Antônio Lima Neto lembrou do episódio em que estava no supermercado e ouviu um homem ao lado dizer que deixaria de usar a máscara tão logo fosse vacinado. "Não vai ser assim. Até o segundo semestre as pessoas têm que entender, muito provavelmente até o fim do ano, que todo mundo no Brasil vai ter que usar máscara, vai ter que se proteger com álcool gel". 

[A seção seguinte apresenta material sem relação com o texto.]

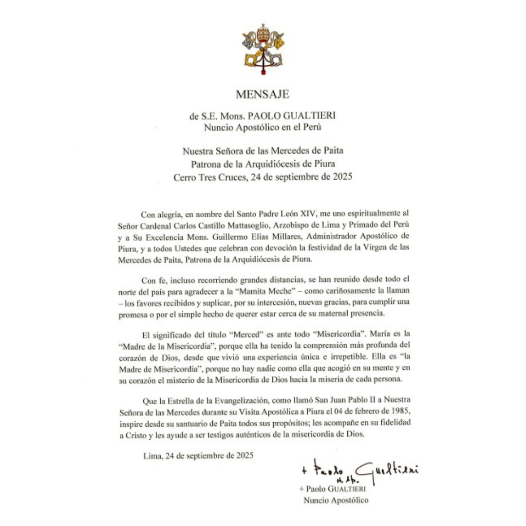Así mismo, el nuncio apostólico del Perú envió su especial saludo por nuestra festividad de la Virgen de las Mercedes.
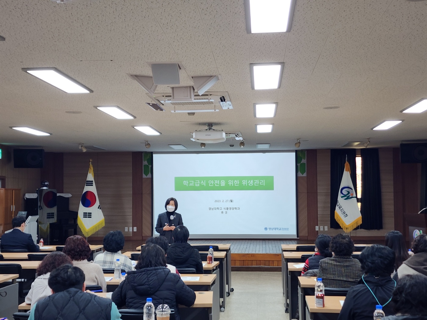 이번 교육은 학교급식 조리종사자와 학교급식점검단의 위생·안전 관리 능력 향상을 통해 개학철 식중독을 예방하고 근무중 일어날 수 있는 전기․화재 사고 위험성을 사전에 인식하고 스스로를 보호하기 위해 영남대학교 식품영양학과 류경 교수님과 경상북도교육청 박찬병 안전관리자를 강사로 초빙하여 학교급식 현장 사례 중심의 맞춤형 교육을 실시하였으며, 학교급식 분야 청렴교육으로 마무리하였다.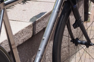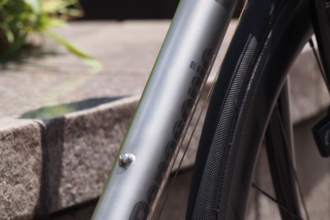 前から見た時の肉厚がすごいパナソニックのカーボンフォーク。

Ele defende mais respostas públicas sobre a pesquisa que desenvolveu a CoronaVac. Vê uma boa eficiência anunciada da vacina do Instituto Butantan, de 78%, mas acha que ainda há números do estudo que precisam ser exibidos. Alerta que a quadra chuvosa que se aproxima, de fevereiro a maio, trará mais atenção para outras enfermidades também muito graves. Por exemplo, a dengue tipo 2 - que após 12 anos sem circular no Ceará, é um risco que pode acontecer simultaneamente ao quadro da Covid-19.

Perfil

Antonio Silva Lima Neto é médico epidemiologista e pós-doutor pela Universidade de Harvard. Também é gerente da Célula de Vigilância Epidemiológica da Secretaria Municipal da Saúde de Fortaleza e professor do Curso de Medicina da Universidade de Fortaleza (Unifor).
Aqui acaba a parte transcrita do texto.